Fasten your seatbelt for turbulence. Rejection comes in many forms. Some will ignore you. Some will reject with or without comment. More exciting will be those who ask to read more of the novel. But beware: You might still be rejected. You never know exactly where you stand at this stage. Like the fog of war, I call this the fog of submissions.

I had several “plates on sticks” when Elizabeth Copps called me. After speaking with her for a short time, I knew that she was the one: She understood me and my book. All you need, in the end, is one agent who wants to fight for your book.

3. Editing with the agent, six months:

I signed and reworked my book with Elizabeth and the team at Maria Carvainis, getting it ready for submission to editors.

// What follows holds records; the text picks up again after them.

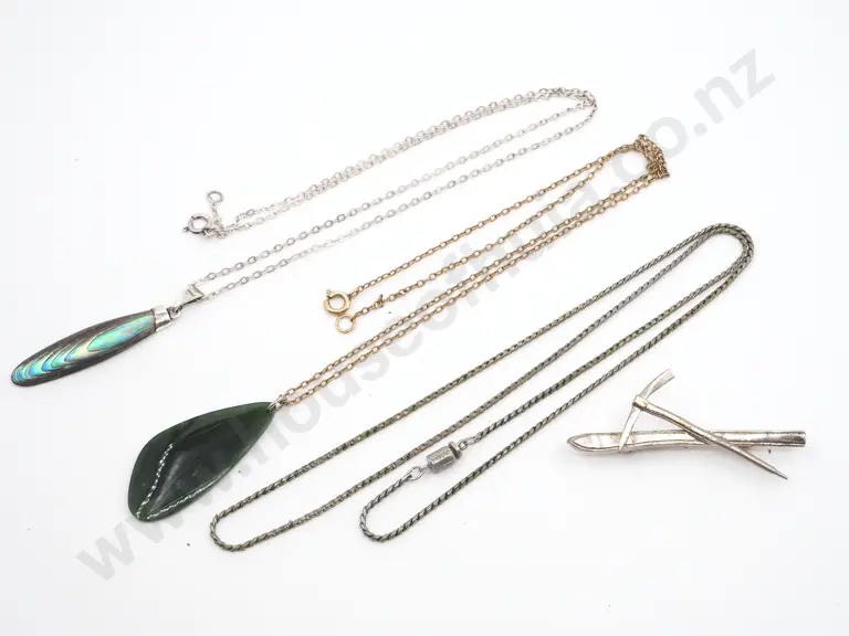 One Greenstone & One Paua Necklace; One Chain & One Mining Brooch Estimate: $70 - $90
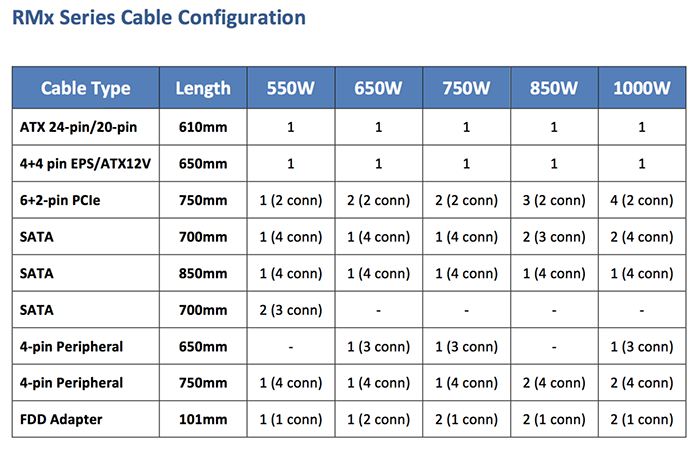 The RMx 750W has a total of four PCIe connectors across two cables – ideal for a dual card SLi or Crossfire configuration.
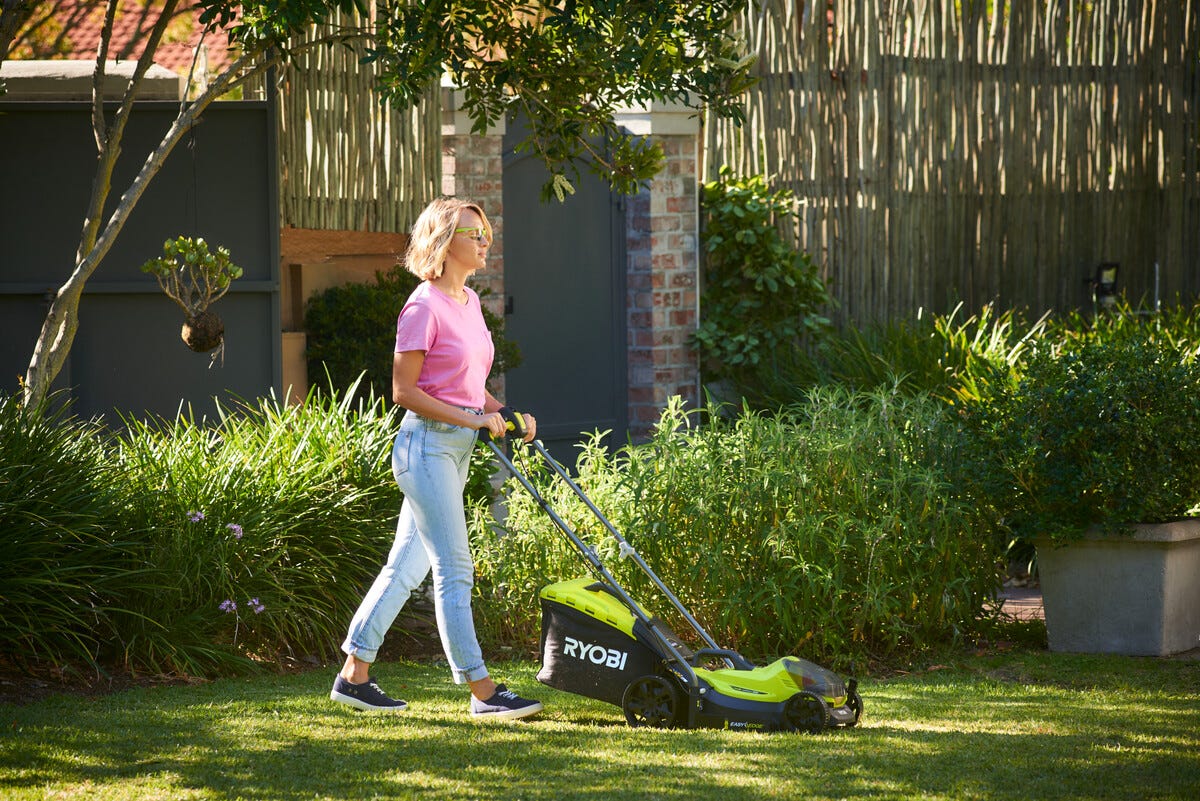 • Ryobin akkukäyttöinen ruohonleikkuri pienemmille nurmikoille.
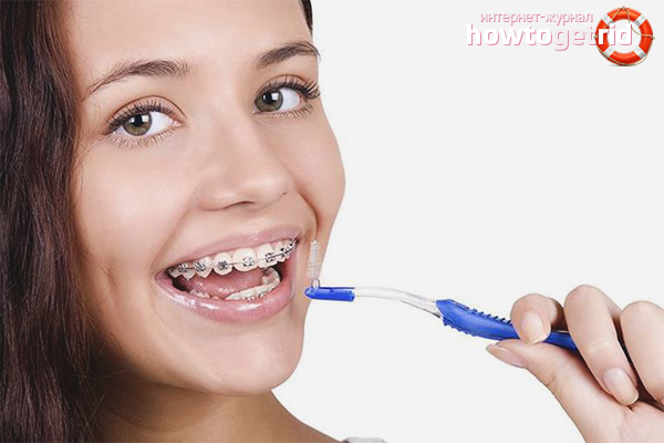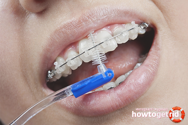 - Lors du nettoyage, vous devez nettoyer non seulement les dents, mais également la conception des accolades.

This took six months, primarily because Elizabeth knew to wait until September when editors return from their summer escapes. Submission began. I got busy with other writing.

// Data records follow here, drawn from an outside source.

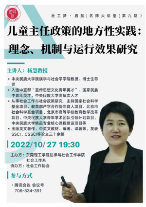 2022年10月27日19点30分,伟德官网社会工作系通过线上腾讯会议的方式开展了社工梦启航|名师大讲堂系列活动。本次学术报告邀请了中央民族大学民族学与社会学公司博士生导师杨慧教授,为伟德官网社会工作系作《儿童主任政策的地方性实践:理念、机制与运行效果研究》主题报告。参加本次线上学术活动的主要包括伟德官网社会工作系全体员工,伟德官网社会工作系主任成伟教授,社会工作系副主任张雪老师及社会工作系部分教师。
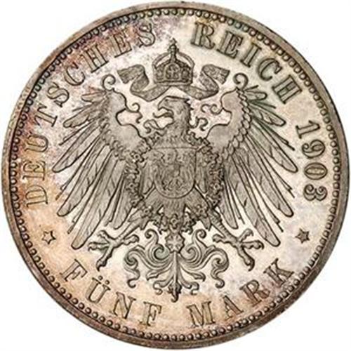 <B><FONT COLOR="#FF0000">GERMANY-SAXE-WEIMAR-EISENACH</FONT> Wilhelm Ernst. 5 Mark, 1903A.</B>
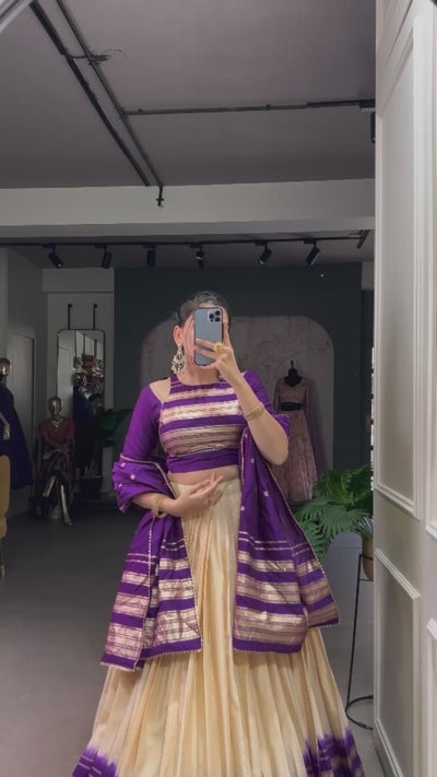 Off White Pure Chanderi Plain With Zari Weaving Work Border Lehenga Choli - INSPIRED | Ready To Wear
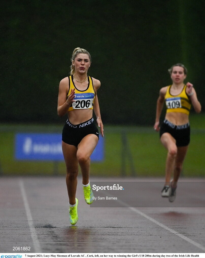 7 August 2021; Lucy-May Sleeman of Leevale AC , Cork, left, on her way to winning the Girl's U18 200m during day two of the Irish Life Health National Juvenile Track & Field Championships at Tullamore Harriers Stadium in Tullamore, Offaly. Photo by Sam Barnes/Sportsfile
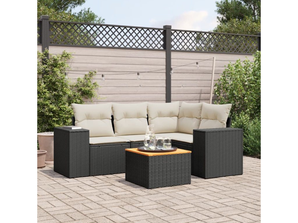 5dílná zahradní sedací souprava s poduškami černá polyratan 3225426
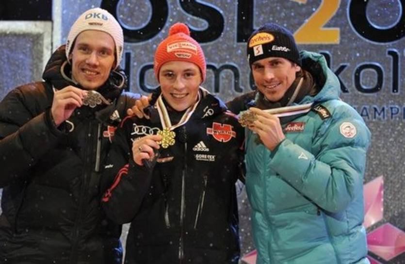 А в прыжках с трамплина тоже такая интрига, ну просто суперская интрига. Сборная Австрии выиграла Турне четырех трамплинов (Моргенштерн), общий зачет Кубка мира (Моргенштерн), Кубок наций, а теперь золото (Моргенштерн) и серебро (Кофлер) на чемпионате мира. Интересно, Александру Поинтнеру еще не надоело радоваться? Лично я порадуюсь за очередную медаль Адама Малыша.
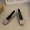 Square head commuter high heels, Mary Jane shoes, 2025 spring new thick heel French rhinestone temperament single shoes
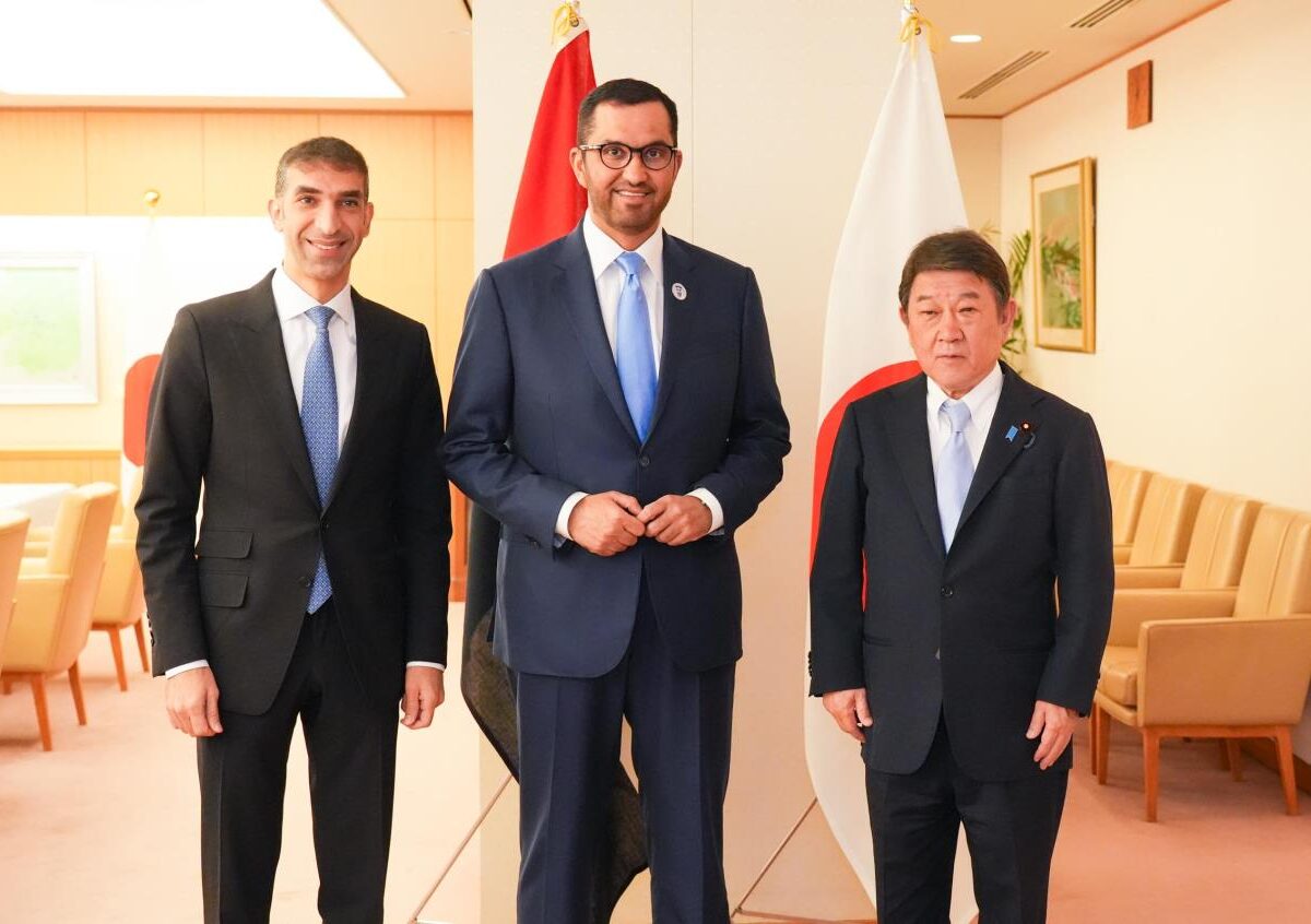 The announcement was made during the official visit to Japan by Dr. Sultan bin Ahmed Al Jaber, Minister of Industry and Advanced Technology and Envoy of the Minister of Foreign Affairs to Japan, accompanied by Dr. Thani bin Ahmed Al Zeyoudi, Minister of Foreign Trade, during a meeting with Toshimitsu Motegi, Japan’s Minister of Foreign Affairs.

4. Submitting to editors, three months:

While Elizabeth worked, I pretended I didn’t care. I got a nibble from Farrar, Straus & Giroux in the first round of submissions.

5. Communicating with Editors, four months:

We began talking with two excellent editors. They didn’t make an offer immediately. After several conversations, my book went “up” to acquisitions without a re-write, but it was rejected. There was a problem with the death penalty. I was willing to make the changes, but I didn’t think it was possible. So I got in bed and put a pillow over my head until I received the most spectacular email from my son, Alex, which you can read here. I made the proposed changes to Ruby Clyde and they bought it.

6. The Call, one minute:

I got the Call. Cue dancing, squealing, hugging, and crying in Nashville.

In New York City, Alex ran to the liquor store and chose the bottles that came closest to Corabel Shofner & Ruby Clyde and headed over to Rockefeller Center to celebrate.

Korbel, Shaffner, Ruby and . . . no Clyde wine available, sorry.

So the question remains, did it take 64 years, 15 years, or 2 years? Does it matter? It is not as if this book is all I did during that time. I was living my life.